After a couple years, I even got a second-hand hard drive. Woo hoo! I could store 20 megs of stories and stuff, and it seemed like a lifetime supply! The only trouble with the Mac IIs is that the video would go out pretty often. I was regularly driving Macs off to the next city, which had a place that serviced them. Then they announced that were getting out of the Mac business.

So we converted to the IBM/Windows platform. I think that's around about the time we went to laser printers and gave the noisy, chemical-eating Compugraphic machines the heave-ho. We were networked and could print on the same printer. (After a while, though, we realized that several printers would be better.)
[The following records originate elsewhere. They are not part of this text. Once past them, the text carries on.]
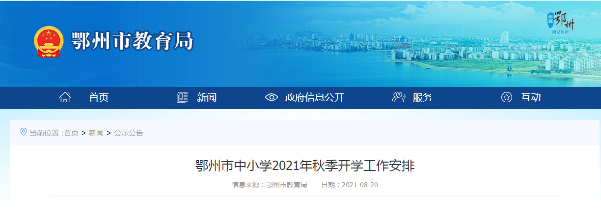 从鄂州市教育局了解到,湖北鄂州市中小学2021年秋季开学工作安排,现将有关事宜通知如下:
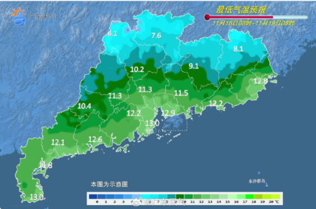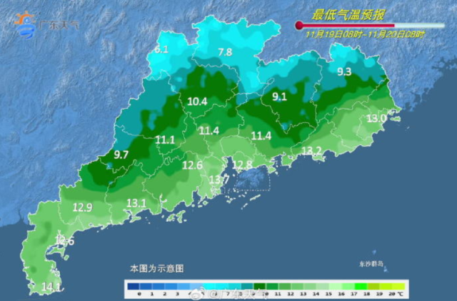 另外,此次降温过程中大部分市县的最低温将出现在20日早晨前后,届时粤北偏北市县最低温或将低至5℃-8℃(粤北高海拔山区2℃-5℃)。
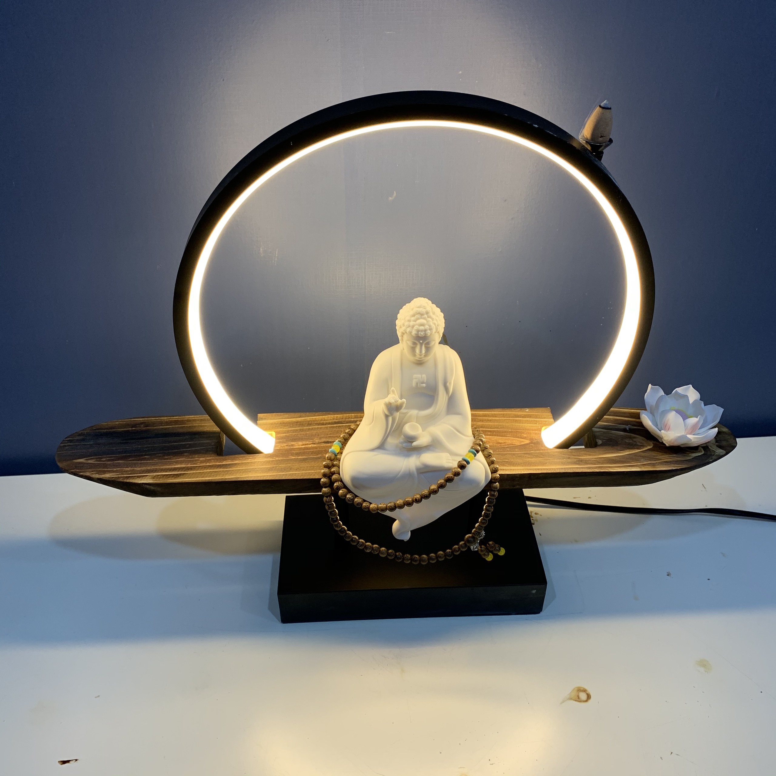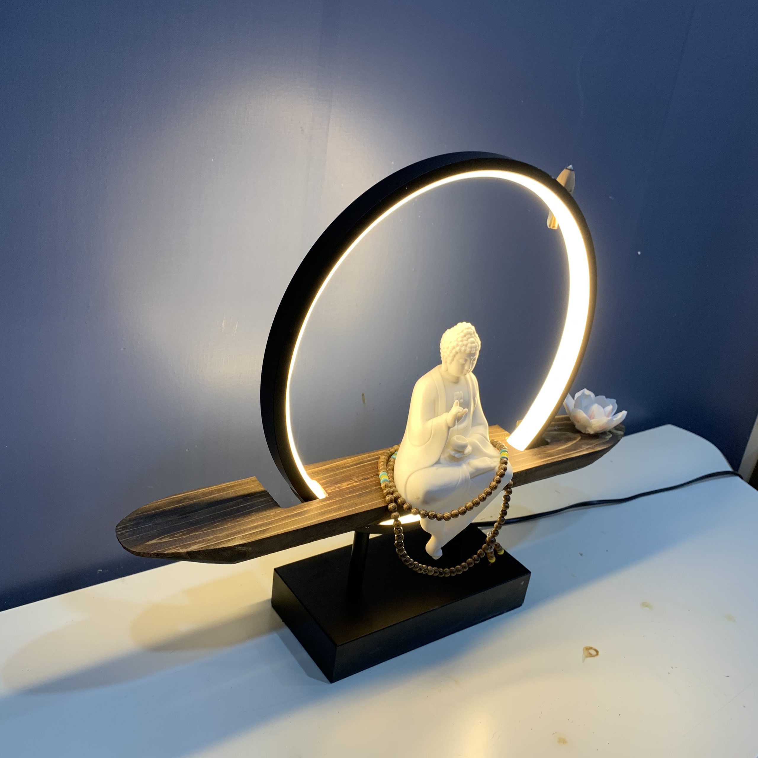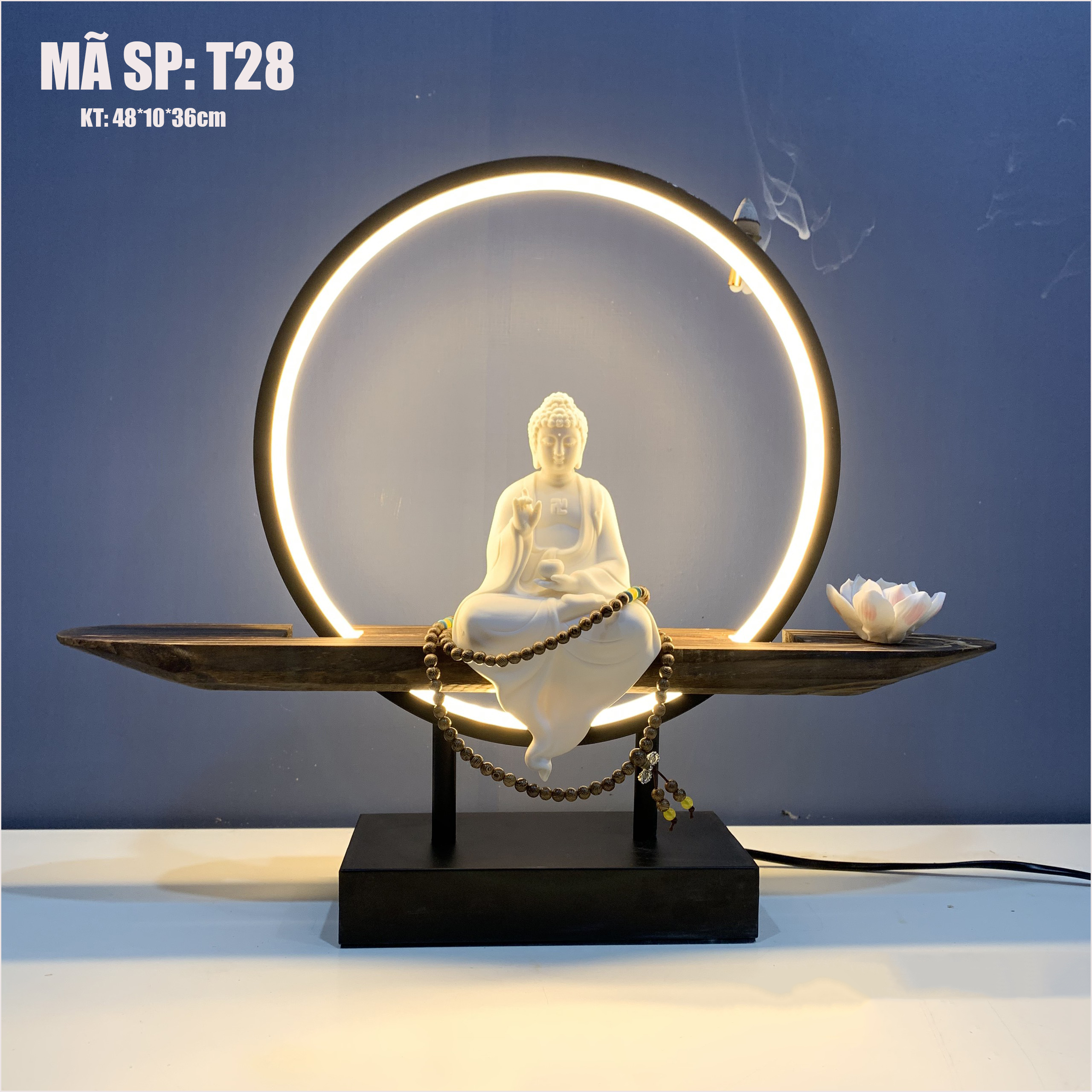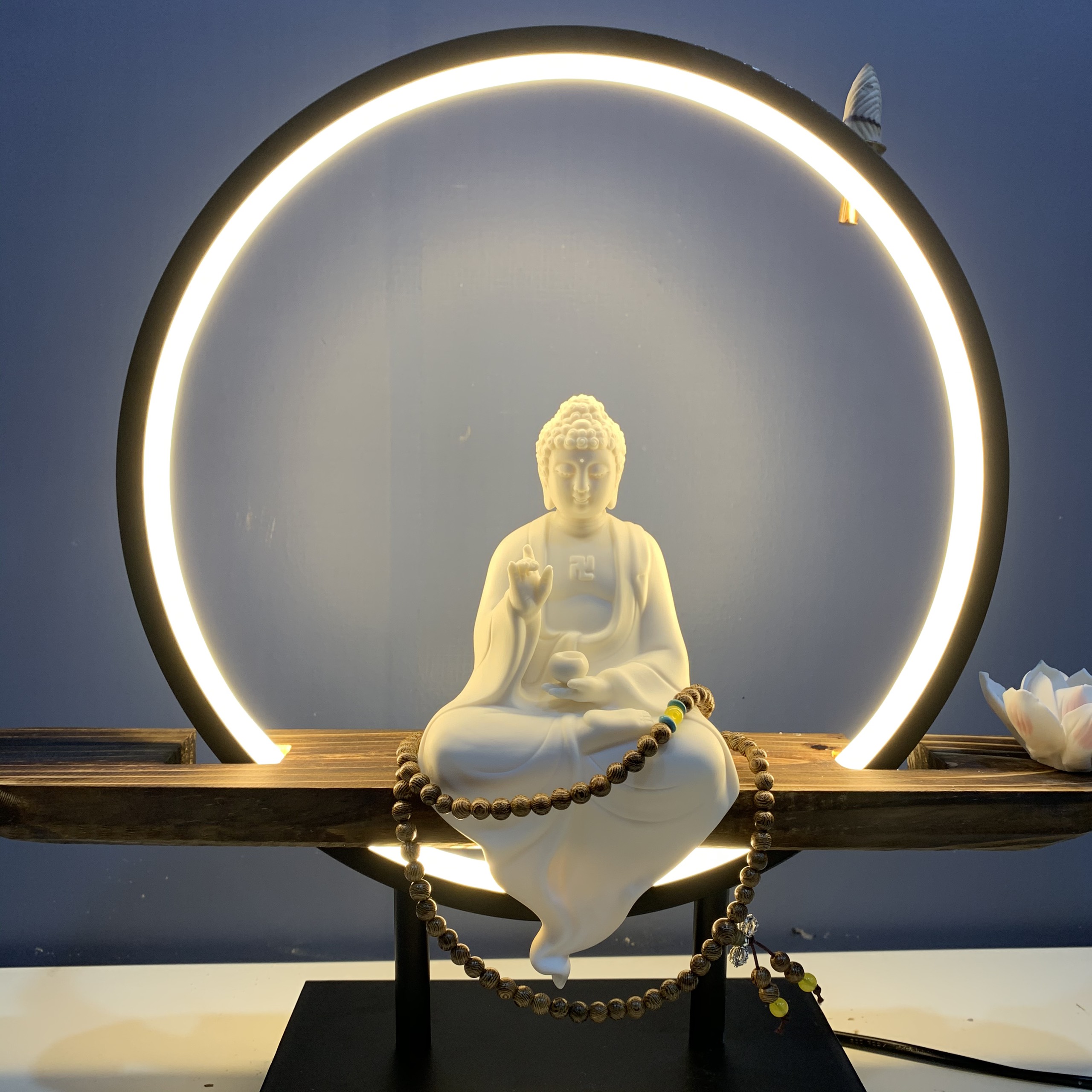 Tượng phật Như Lai được làm từ gốm trắng cao cấp, khung tròn led là hợp kim sơn cách điện, kệ là gỗ.

Over the years, the computers went from Windows 95 to Win 98 to Win XP. I think my present-day computer was originally one of the Win 98 machines, but it's been upgraded to XP now. We got the Win 98 machines from a local distributor, and most of us on the staff had the same opinion about them: They were cheap and crappy.

Most of them are gone now; I think mine and the receptionist's are the last ones left. The others have gotten Dells, complete with thin-screen monitors. Good for them. In due time, I'll get a nice, fast, new one with gobs of memory, too. (I think that's what convinced me to go for a little extra when I ordered my own new desktop for home, with lots of memory, a dual-core processor and a 20-inch widescreen monitor. Ooh, that's the only way to fly!)

In line with our conversion to digital photography (which was planned as the original topic of this entry--well, maybe next time), about two years ago we made the final break from the past. No more dummy pages. No more waxer. No more scissors work. We went to desktop publishing, and now we lay out our pages inside the computer. We are using Adobe Pagemaker 7 for that. Yes, Adobe's flagship desktop publishing program today is InDesign, but we haven't made that move yet. I think my company's (ahem!) frugality (that's the nice word for it) has something to do with it. But time will catch up with them, as it always does.

The guy who came over for a one-day training session told us, "In a few weeks, you won't ever want to go back." He was quite accurate there. As I wrote this, it took a while to remember all the miniscule steps and the sundry frustrations with the old process. Such as when a story went for a swim in the waxer, and you had to print out a new one at the other end of the office. When sharp scissors were in short supply or gummed up with wax. When you had to cut up stories so they would look nice on the page--physically creating space between paragraphs--and when you had to revise your layout when things didn't work out as hoped. When you discover that you had gotten parts of scissored-up stories out of order.

It's a dim memory already, and it's getting dimmer all the time. No, I don't miss it. Times change, and we have to, too.